MycroftAI/mimic-recording-studio

question about the custom corpus

Opened this issue · 7 comments

I am looking to make my own corpus. I want to format it just like the english_corpus.csv like described, but am curious about the numbers. the english_corpus has like a phrase followed by a tab and a number. Do I need to worry about the number, and if so what does it represent?

Hi there @jjohnston7 great question!

The number represents the number of characters in the phrase. mimic trains based on the number of characters (as well as several other attributes).

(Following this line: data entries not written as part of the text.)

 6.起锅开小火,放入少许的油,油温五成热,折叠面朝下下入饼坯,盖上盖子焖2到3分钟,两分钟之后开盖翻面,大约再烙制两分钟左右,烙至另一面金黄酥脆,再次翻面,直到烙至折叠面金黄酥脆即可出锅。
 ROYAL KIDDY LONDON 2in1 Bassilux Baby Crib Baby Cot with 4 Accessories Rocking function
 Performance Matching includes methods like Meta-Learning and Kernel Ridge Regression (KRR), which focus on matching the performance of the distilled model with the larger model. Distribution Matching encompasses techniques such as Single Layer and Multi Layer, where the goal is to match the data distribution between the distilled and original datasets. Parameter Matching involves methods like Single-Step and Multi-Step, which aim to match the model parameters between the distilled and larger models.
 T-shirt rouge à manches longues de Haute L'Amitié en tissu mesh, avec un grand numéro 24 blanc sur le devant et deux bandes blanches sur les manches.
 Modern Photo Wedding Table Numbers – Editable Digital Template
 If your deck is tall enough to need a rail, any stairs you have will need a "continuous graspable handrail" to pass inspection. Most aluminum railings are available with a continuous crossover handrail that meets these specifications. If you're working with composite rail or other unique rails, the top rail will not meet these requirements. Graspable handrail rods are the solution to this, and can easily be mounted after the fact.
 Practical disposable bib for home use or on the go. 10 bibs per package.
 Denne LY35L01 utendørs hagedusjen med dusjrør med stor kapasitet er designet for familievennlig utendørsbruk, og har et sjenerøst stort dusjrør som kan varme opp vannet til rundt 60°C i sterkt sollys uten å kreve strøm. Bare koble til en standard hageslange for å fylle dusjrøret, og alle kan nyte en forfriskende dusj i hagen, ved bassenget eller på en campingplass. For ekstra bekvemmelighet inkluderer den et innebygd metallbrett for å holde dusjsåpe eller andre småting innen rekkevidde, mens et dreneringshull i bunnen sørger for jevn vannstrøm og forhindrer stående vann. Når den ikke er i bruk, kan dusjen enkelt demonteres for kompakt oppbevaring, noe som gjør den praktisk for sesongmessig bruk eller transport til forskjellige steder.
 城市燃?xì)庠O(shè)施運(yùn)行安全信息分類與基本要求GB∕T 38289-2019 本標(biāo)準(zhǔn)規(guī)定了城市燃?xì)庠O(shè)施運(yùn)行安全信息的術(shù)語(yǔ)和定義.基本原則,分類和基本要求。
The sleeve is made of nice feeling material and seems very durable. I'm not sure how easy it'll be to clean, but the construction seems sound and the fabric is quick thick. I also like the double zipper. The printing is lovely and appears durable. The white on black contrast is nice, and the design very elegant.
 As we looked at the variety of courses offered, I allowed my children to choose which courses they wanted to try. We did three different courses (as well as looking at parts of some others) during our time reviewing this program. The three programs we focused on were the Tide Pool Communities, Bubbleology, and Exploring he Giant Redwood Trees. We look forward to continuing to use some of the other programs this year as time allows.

For languages that have elongated vowel sounds, such as;

  • The elongated vowels with macrons in Māori
  • In Japanese the double vowel sound (in Romaji represented with a macron, like Tōkyō)
  • The long vowels و and ي in Arabic (among others)

then the long vowel should be counted as 2 characters. Otherwise the prosody of the trained language will be incorrect.

I can try to provide more guidance if you let me know what language or dialect you are training in?

Kind regards,
Kathy

Those values were generated programatically, so could easily be done for a corpus you create once you are done building the corpus.

OH, so I don't need to include those numbers in my CSV file?

Its English I'm doing, the speaker has an English accent...

At some point those numbers do have to exist, but there is opportunity to do it later just before the training starts and not with the creation of each sentence.

So, if you are looking at an English speaker, are you just adding to the english.csv? As long as you are working in the same language, you shouldn't need to worry too much about accent. That just emerges from the training off of a particular set of recordings.

I have a macro in excel that will tally the charactors for me. Do those numbers include things like spaces between words, commas, apostrophes, etc? or just letters? right now I have it counting everything except the period at the end of sentences...

Looking at https://raw.githubusercontent.com/MycroftAI/mimic-recording-studio/master/backend/prompts/english_corpus.csv, it appears the count is of all characters in the phrase -- including spaces, punctuation and the final period.

Hi all, seems like this conversation has run its course. If you have further queries please feel free to open another issue or reach out via the ~Mimic channel in Mycroft Chat.